◆ DATA EXCERPT ◆
····················

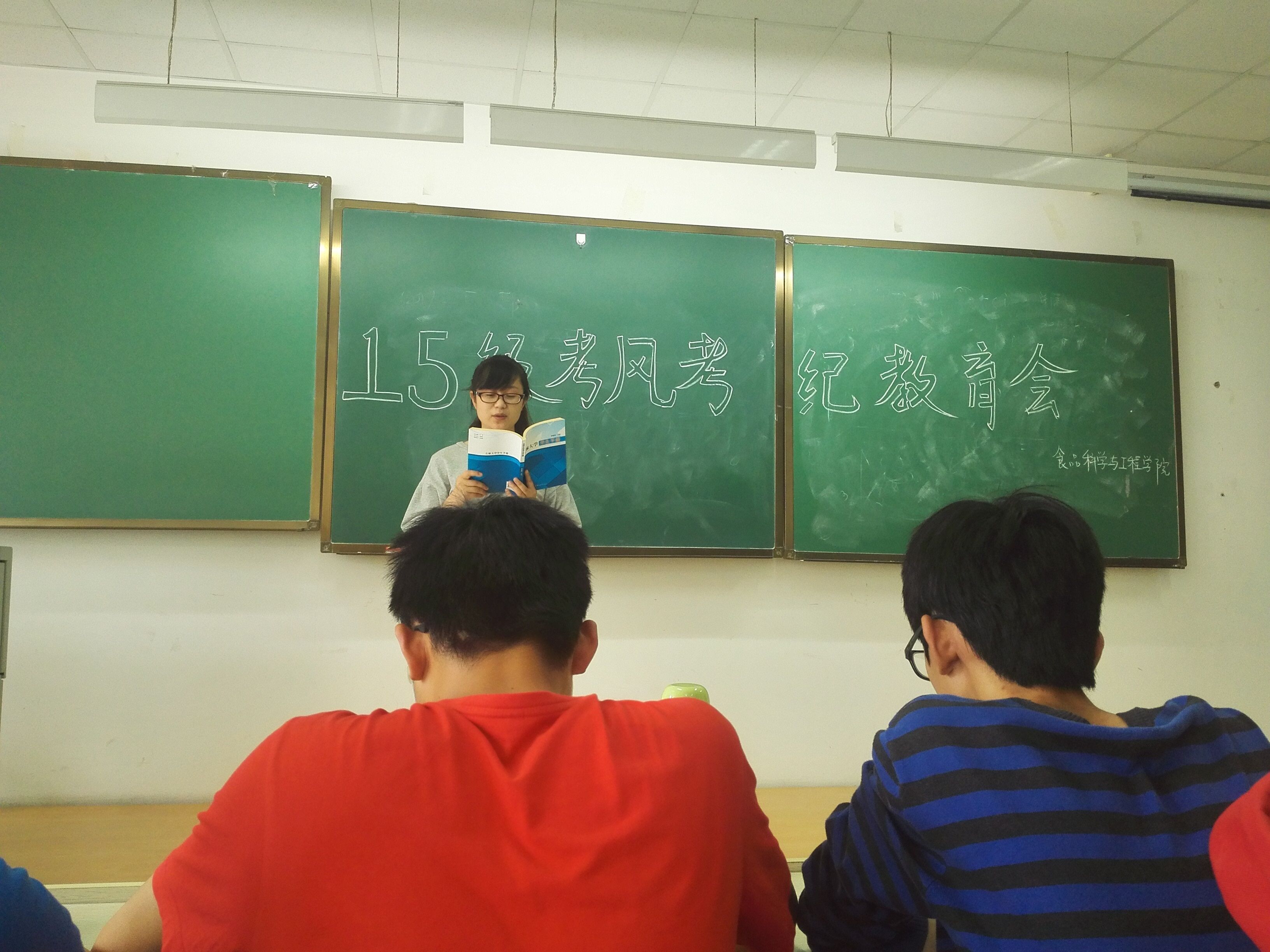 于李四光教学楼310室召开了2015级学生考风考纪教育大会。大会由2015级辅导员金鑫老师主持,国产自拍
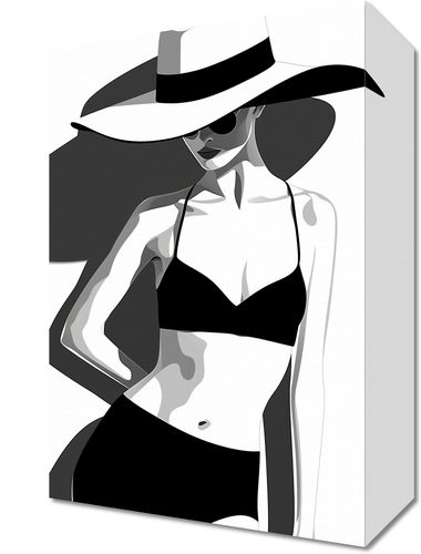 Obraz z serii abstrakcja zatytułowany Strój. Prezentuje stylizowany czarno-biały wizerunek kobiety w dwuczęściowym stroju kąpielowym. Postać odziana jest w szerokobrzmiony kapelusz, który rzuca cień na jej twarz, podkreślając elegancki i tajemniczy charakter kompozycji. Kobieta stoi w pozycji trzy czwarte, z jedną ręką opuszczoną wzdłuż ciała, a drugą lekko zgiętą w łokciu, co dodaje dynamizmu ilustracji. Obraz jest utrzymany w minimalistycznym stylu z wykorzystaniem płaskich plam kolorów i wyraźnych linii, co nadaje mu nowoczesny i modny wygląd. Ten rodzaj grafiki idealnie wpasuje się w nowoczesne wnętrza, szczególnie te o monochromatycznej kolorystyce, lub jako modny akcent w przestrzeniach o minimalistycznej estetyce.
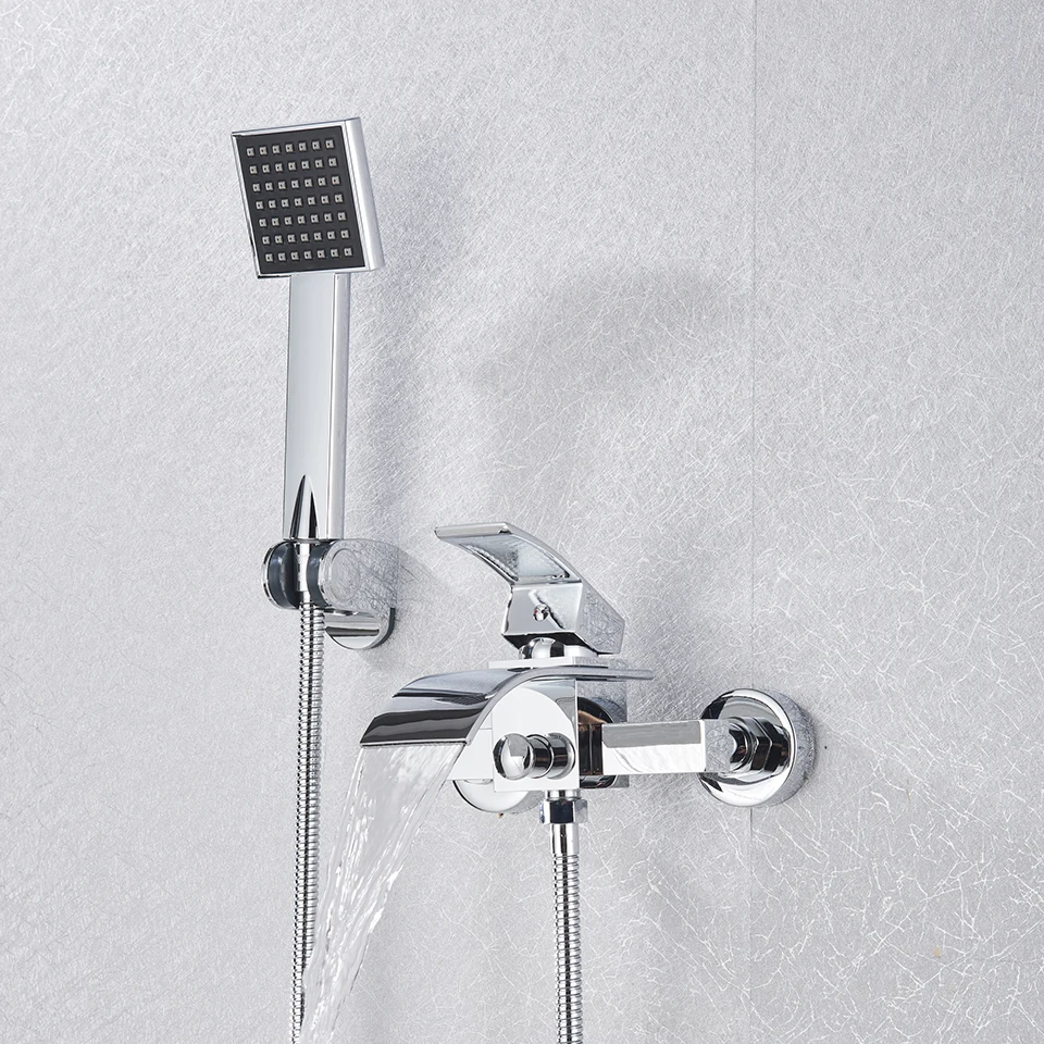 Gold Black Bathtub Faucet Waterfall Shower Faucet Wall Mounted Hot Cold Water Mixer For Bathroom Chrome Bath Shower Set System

····················

◆ WHAT YOU HAVE TO DO ◆
The result should be an exact copy of the material, containing no pictures.

◆ THE COMPLETED TASK ◆
 于李四光教学楼310室召开了2015级学生考风考纪教育大会。大会由2015级辅导员金鑫老师主持,国产自拍
 Obraz z serii abstrakcja zatytułowany Strój. Prezentuje stylizowany czarno-biały wizerunek kobiety w dwuczęściowym stroju kąpielowym. Postać odziana jest w szerokobrzmiony kapelusz, który rzuca cień na jej twarz, podkreślając elegancki i tajemniczy charakter kompozycji. Kobieta stoi w pozycji trzy czwarte, z jedną ręką opuszczoną wzdłuż ciała, a drugą lekko zgiętą w łokciu, co dodaje dynamizmu ilustracji. Obraz jest utrzymany w minimalistycznym stylu z wykorzystaniem płaskich plam kolorów i wyraźnych linii, co nadaje mu nowoczesny i modny wygląd. Ten rodzaj grafiki idealnie wpasuje się w nowoczesne wnętrza, szczególnie te o monochromatycznej kolorystyce, lub jako modny akcent w przestrzeniach o minimalistycznej estetyce.
 Gold Black Bathtub Faucet Waterfall Shower Faucet Wall Mounted Hot Cold Water Mixer For Bathroom Chrome Bath Shower Set System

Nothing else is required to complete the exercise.